Big5
Traditional Chinese encoding used in Taiwan, Hong Kong, and Macau. Variable-width: single-byte for ASCII, double-byte for Chinese. The name refers to the five major Taiwanese IT companies that developed it.
Byte Structure
Big5 uses variable-width encoding (1–2 bytes per character). Characters not in this encoding cannot be represented and must be replaced or transliterated.
When to Use Big5
Big5 is the standard encoding for Traditional Chinese, used in Taiwan, Hong Kong, and Macau. You'll need it when processing Traditional Chinese content from legacy sources — older Taiwanese web pages, legacy desktop software, or historical documents. New systems should use UTF-8.
Sample Characters in Big5
The table below shows how a selection of characters are represented in Big5. Bytes are shown in hexadecimal. Characters marked "not supported" cannot be encoded in Big5 and would need to be replaced or transliterated when converting from Unicode.

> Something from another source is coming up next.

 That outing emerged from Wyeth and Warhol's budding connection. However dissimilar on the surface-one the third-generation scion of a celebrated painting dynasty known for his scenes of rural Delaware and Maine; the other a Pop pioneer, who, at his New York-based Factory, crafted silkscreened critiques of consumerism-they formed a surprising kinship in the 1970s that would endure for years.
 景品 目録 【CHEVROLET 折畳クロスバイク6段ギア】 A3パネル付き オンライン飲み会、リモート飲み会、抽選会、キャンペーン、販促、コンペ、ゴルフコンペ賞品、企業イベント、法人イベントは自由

| Character | Codepoint | Name | Bytes (Hex) | Bytes (Decimal) | Supported |
|---|---|---|---|---|---|
| A | U+0041 | LATIN CAPITAL LETTER A | 41 | 65 | Yes |
| a | U+0061 | LATIN SMALL LETTER A | 61 | 97 | Yes |
| 0 | U+0030 | DIGIT ZERO | 30 | 48 | Yes |
| $ | U+0024 | DOLLAR SIGN | 24 | 36 | Yes |
| £ | U+00A3 | POUND SIGN | A2 47 | 162 71 | Yes |
| © | U+00A9 | COPYRIGHT SIGN | not supported | — | |
| € | U+20AC | EURO SIGN | not supported | — | |
| α | U+03B1 | GREEK SMALL LETTER ALPHA | A3 5C | 163 92 | Yes |
| А | U+0410 | CYRILLIC CAPITAL LETTER A | not supported | — | |
| 中 | U+4E2D | A4 A4 | 164 164 | Yes | |
| あ | U+3042 | HIRAGANA LETTER A | C6 A6 | 198 166 | Yes |
| ☺ | U+263A | WHITE SMILING FACE | not supported | — |
Working with Big5 in Code
Every major language has built-in support for encoding conversion. The examples below show how to encode a string to Big5 bytes and decode it back to a Unicode string. Always specify the encoding explicitly — never rely on system defaults, which vary by OS and locale.

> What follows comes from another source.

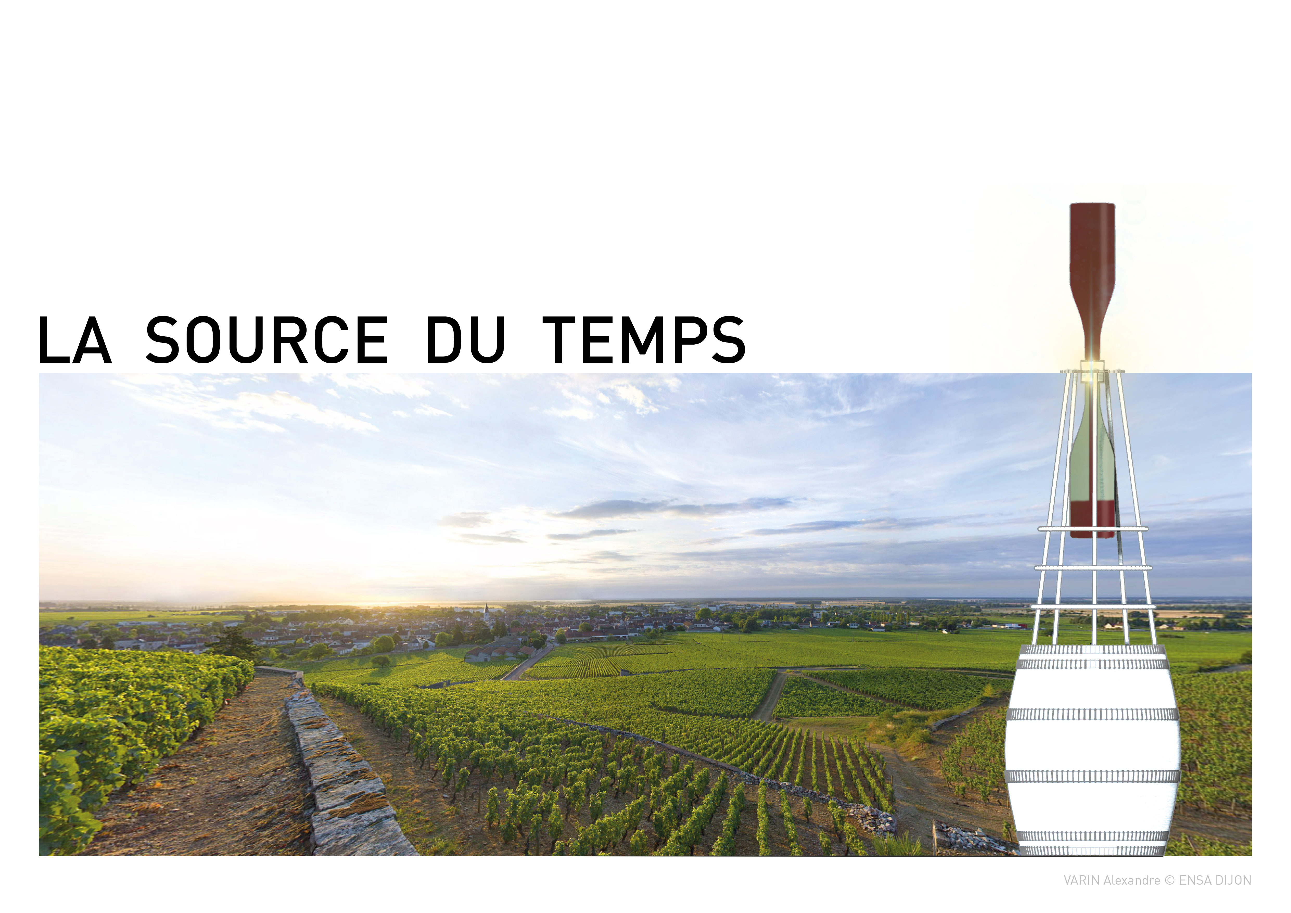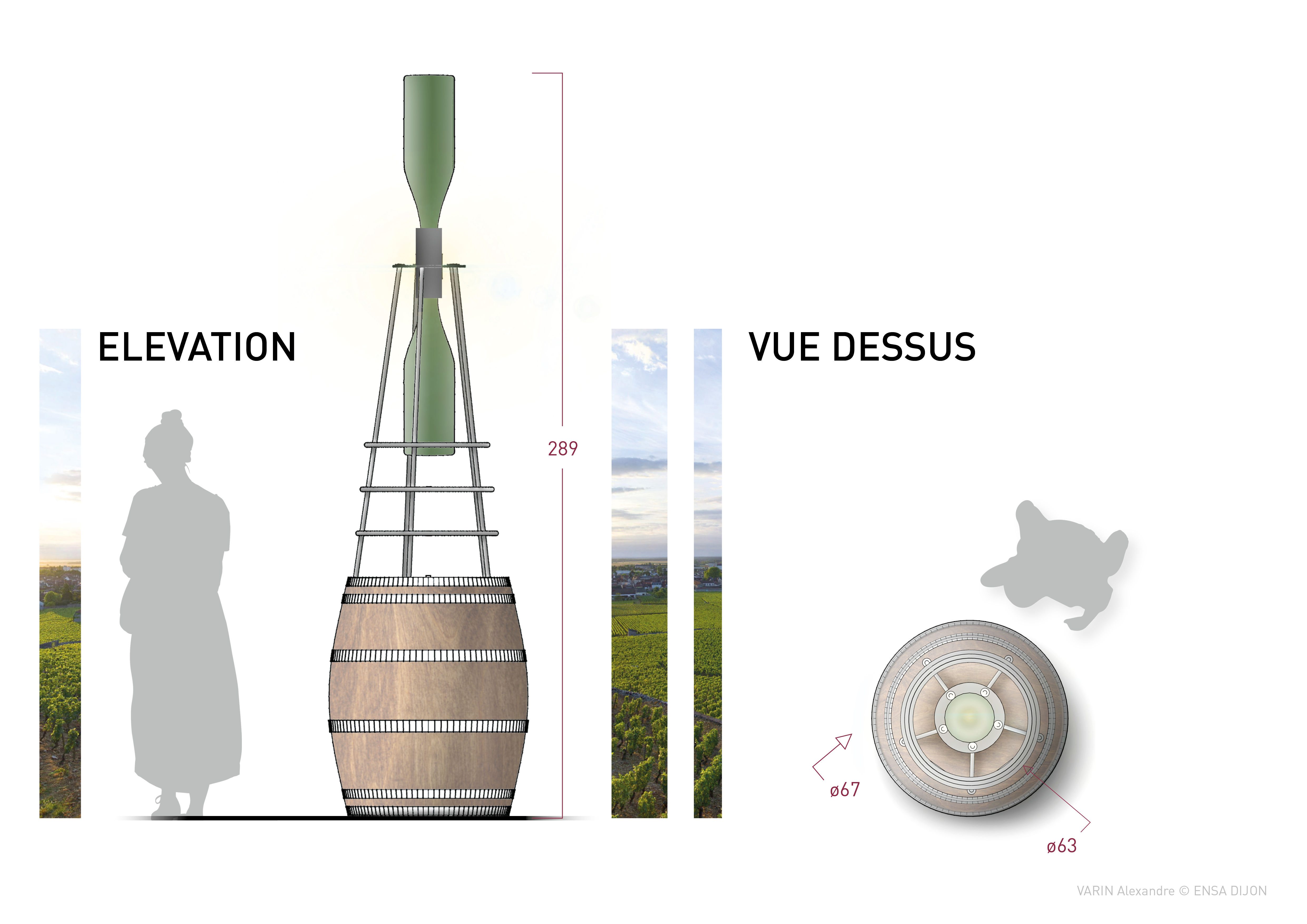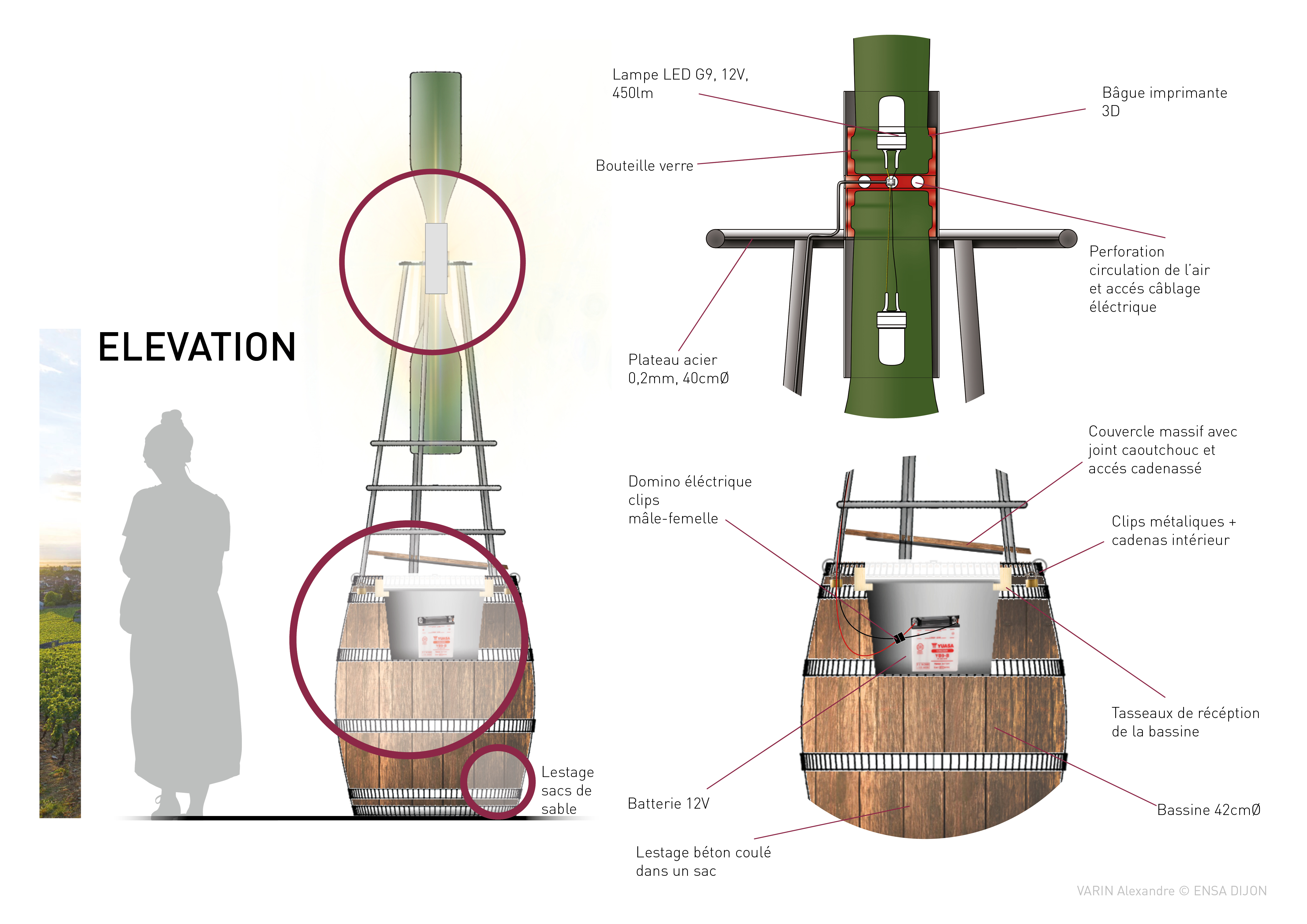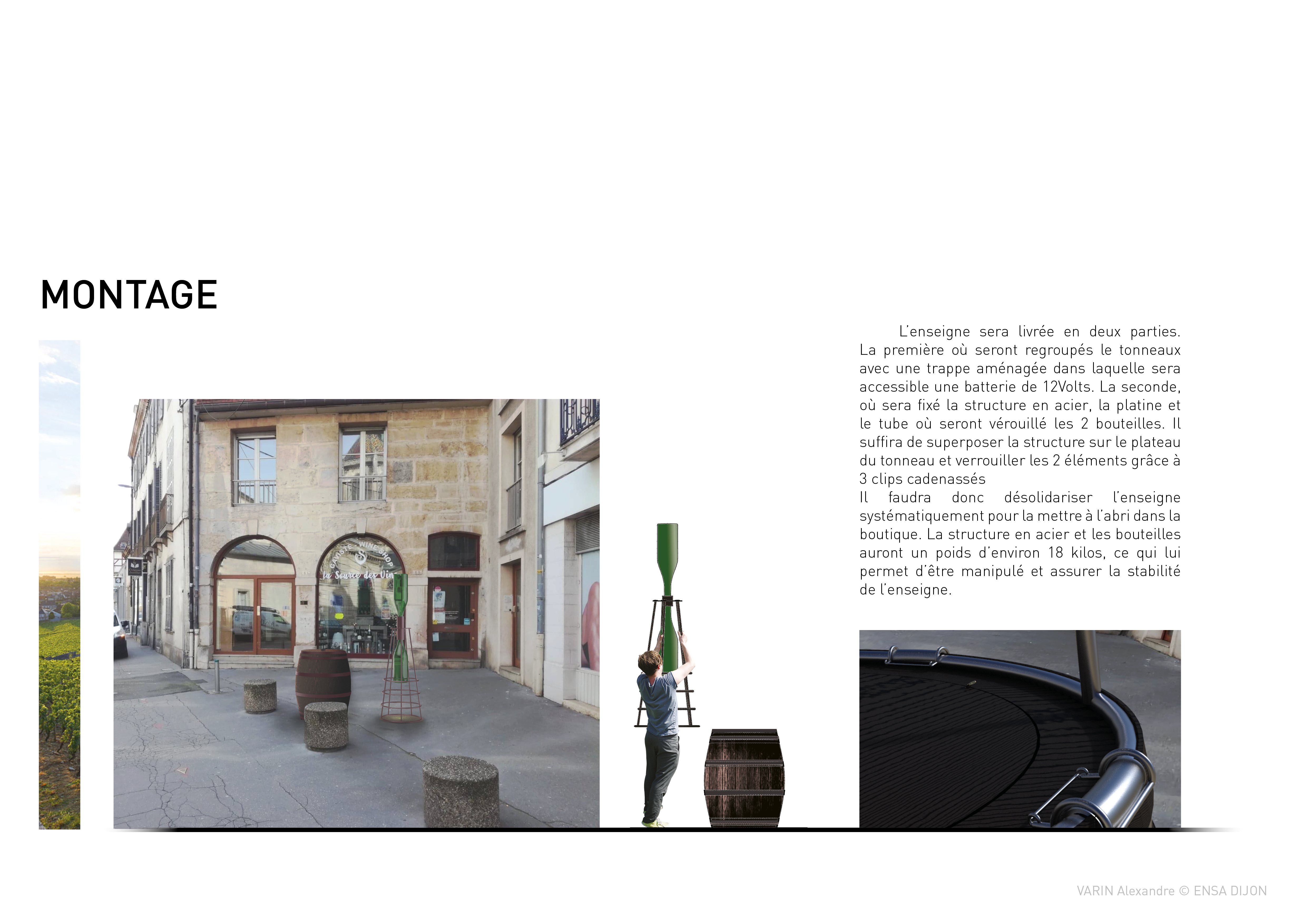 Originally, she meticulously arranged a composition of antique objects and samples from her store on a barrel worn by the time. With the idea of a signal object, I imagined a structure inspired by maritime beacons, supporting two Balthazar bottles (12L). These large capacity bottles are arranged according to a device for dynamizing the water, a process used in some Burgundian estates, evoking the shape of an hourglass. This reference to time evokes one of the essential ingredients in the elaboration of great wines: time. This luminous sign, organized on a metal structure, is removable and can be positioned during the day on the existing barrel. This project is being validated by the municipal services of the city of Dijon.

# Encode a string to big5 bytes
text = "Hello, 世界"
encoded = text.encode("Big5")
# Decode bytes back to a string
decoded = encoded.decode("Big5")
// Convert to big5
$bytes = mb_convert_encoding(
"Hello, 世界",
"Big5",
"UTF-8"
);
// Convert back to UTF-8
$text = mb_convert_encoding(
$bytes,
"UTF-8",
"Big5"
);
// Encode to Big5 bytes
const encoder = new TextEncoder(); // UTF-8
const bytes = encoder.encode("Hello, 世界");
// Decode bytes
const decoder = new TextDecoder("Big5");
const text = decoder.decode(bytes);
-- Create a database with Big5
CREATE DATABASE mydb
ENCODING 'Big5'
LC_COLLATE 'en_US.UTF-8';
-- Check database encoding
SELECT pg_encoding_to_char(encoding)
FROM pg_database
WHERE datname = current_database();
Compare with Other Encodings
See how Big5 differs from other encodings — which characters each supports and how the byte representations compare.
Big5 FAQ
What is the difference between Big5 and Big5-HKSCS?
Big5 is the original Traditional Chinese encoding from Taiwan covering about 13,000 characters. Big5-HKSCS (Hong Kong Supplementary Character Set) adds thousands of characters used in Hong Kong, including Cantonese characters and characters specific to Hong Kong government, legal, and business use. For Hong Kong content, Big5-HKSCS is the correct variant.
Is Big5 still in use?
Big5 remains in legacy Taiwanese government documents, older Taiwanese and Hong Kong websites, and some Traditional Chinese desktop software. Modern Taiwanese web content has largely migrated to UTF-8. When processing Traditional Chinese legacy data, always detect or specify the encoding — Big5 and UTF-8 can be ambiguous in some byte ranges.